*** Opening of Supplied data ***
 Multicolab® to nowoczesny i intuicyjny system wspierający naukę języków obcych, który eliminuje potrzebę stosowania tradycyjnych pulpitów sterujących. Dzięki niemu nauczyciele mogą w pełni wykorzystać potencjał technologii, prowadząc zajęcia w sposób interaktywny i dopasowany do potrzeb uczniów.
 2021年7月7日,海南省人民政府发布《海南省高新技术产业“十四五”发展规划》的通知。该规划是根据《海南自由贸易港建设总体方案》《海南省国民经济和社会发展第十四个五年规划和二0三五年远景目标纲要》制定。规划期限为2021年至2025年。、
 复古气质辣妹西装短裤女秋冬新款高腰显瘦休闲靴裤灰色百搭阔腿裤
*** Close of Supplied data ***
*** Opening of Supplied data ***
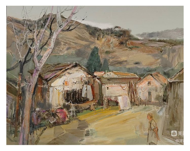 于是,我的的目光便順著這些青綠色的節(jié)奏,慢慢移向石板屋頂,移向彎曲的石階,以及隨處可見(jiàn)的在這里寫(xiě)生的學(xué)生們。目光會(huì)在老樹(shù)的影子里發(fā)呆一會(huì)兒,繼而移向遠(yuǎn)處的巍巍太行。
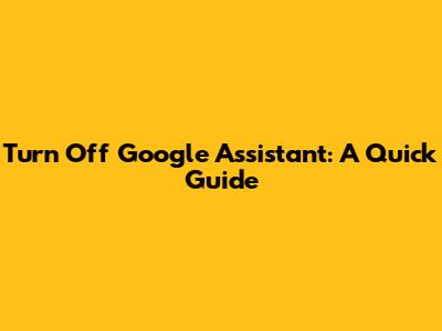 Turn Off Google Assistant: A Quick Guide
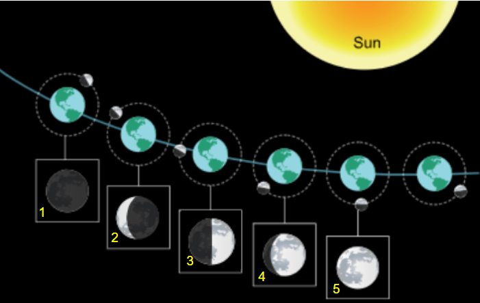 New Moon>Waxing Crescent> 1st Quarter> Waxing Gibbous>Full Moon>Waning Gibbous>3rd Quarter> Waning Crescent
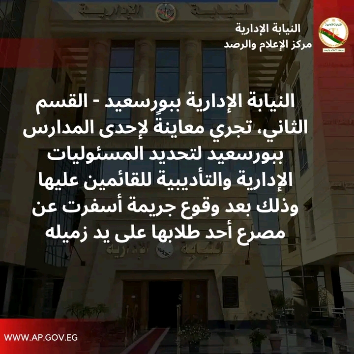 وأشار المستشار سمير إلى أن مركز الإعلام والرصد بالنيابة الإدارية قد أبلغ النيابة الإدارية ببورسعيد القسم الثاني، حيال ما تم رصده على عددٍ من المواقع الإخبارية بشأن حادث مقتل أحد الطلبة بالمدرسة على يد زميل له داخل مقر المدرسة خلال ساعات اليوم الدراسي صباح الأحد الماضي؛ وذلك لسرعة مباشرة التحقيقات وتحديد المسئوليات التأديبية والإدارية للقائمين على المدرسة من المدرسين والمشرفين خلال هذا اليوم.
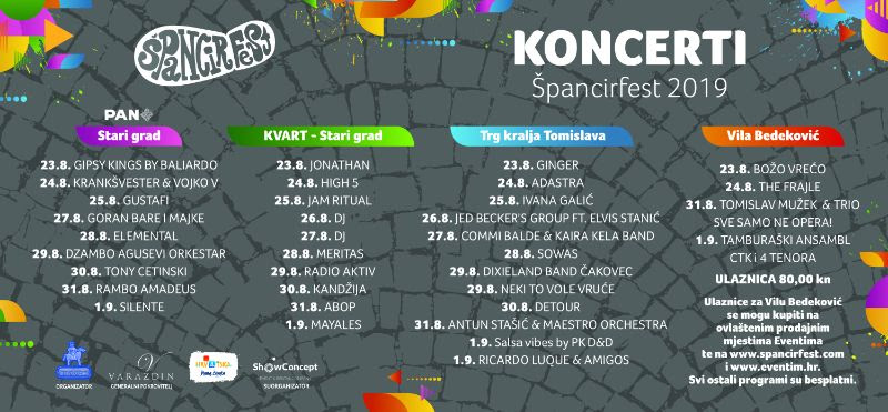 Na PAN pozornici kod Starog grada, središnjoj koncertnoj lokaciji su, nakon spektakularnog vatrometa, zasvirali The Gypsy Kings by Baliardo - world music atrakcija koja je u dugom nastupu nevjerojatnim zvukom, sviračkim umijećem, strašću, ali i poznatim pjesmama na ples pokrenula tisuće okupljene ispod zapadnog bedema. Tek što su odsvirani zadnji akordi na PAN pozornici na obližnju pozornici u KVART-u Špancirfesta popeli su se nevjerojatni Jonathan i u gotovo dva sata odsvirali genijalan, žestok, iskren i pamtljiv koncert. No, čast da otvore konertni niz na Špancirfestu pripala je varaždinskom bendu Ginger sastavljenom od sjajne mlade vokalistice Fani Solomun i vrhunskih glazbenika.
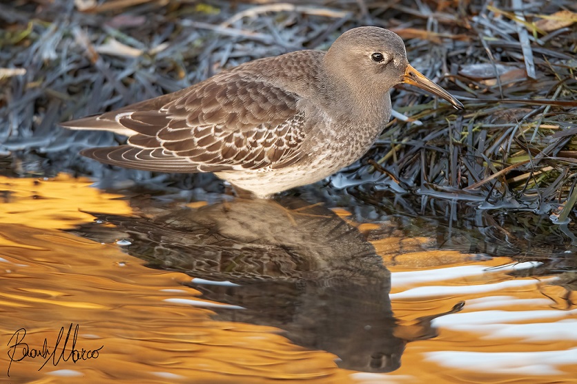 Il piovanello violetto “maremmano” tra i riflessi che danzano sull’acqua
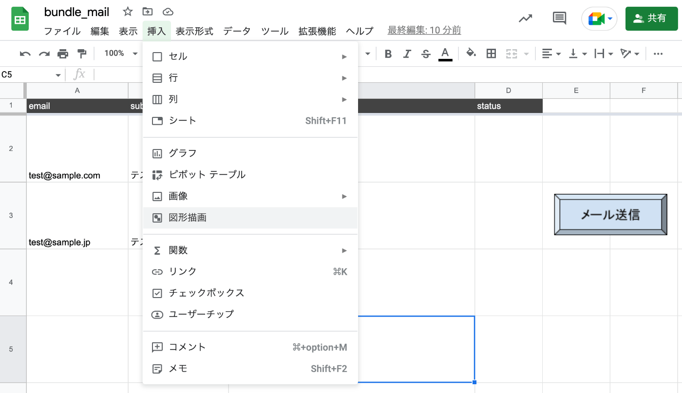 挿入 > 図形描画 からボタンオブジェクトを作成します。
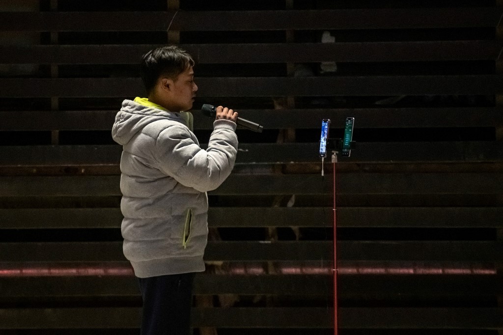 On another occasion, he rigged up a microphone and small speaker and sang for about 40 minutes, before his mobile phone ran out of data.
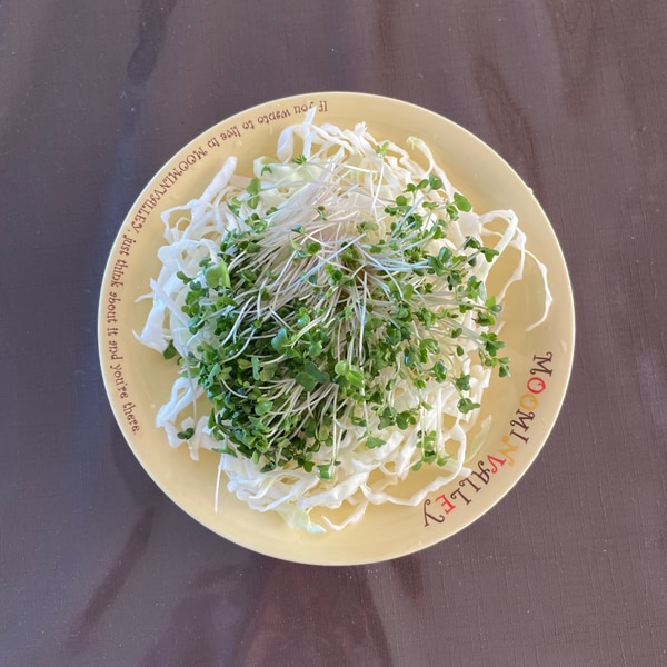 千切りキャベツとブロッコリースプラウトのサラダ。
*** Close of Supplied data ***
Taking the material above, give again exactly the lines from the one holding "New Moon>Waxing Crescent>" through the one holding "وأشار المستشار سمير", with both ends and without pictures.

Result below:
 New Moon>Waxing Crescent> 1st Quarter> Waxing Gibbous>Full Moon>Waning Gibbous>3rd Quarter> Waning Crescent
 وأشار المستشار سمير إلى أن مركز الإعلام والرصد بالنيابة الإدارية قد أبلغ النيابة الإدارية ببورسعيد القسم الثاني، حيال ما تم رصده على عددٍ من المواقع الإخبارية بشأن حادث مقتل أحد الطلبة بالمدرسة على يد زميل له داخل مقر المدرسة خلال ساعات اليوم الدراسي صباح الأحد الماضي؛ وذلك لسرعة مباشرة التحقيقات وتحديد المسئوليات التأديبية والإدارية للقائمين على المدرسة من المدرسين والمشرفين خلال هذا اليوم.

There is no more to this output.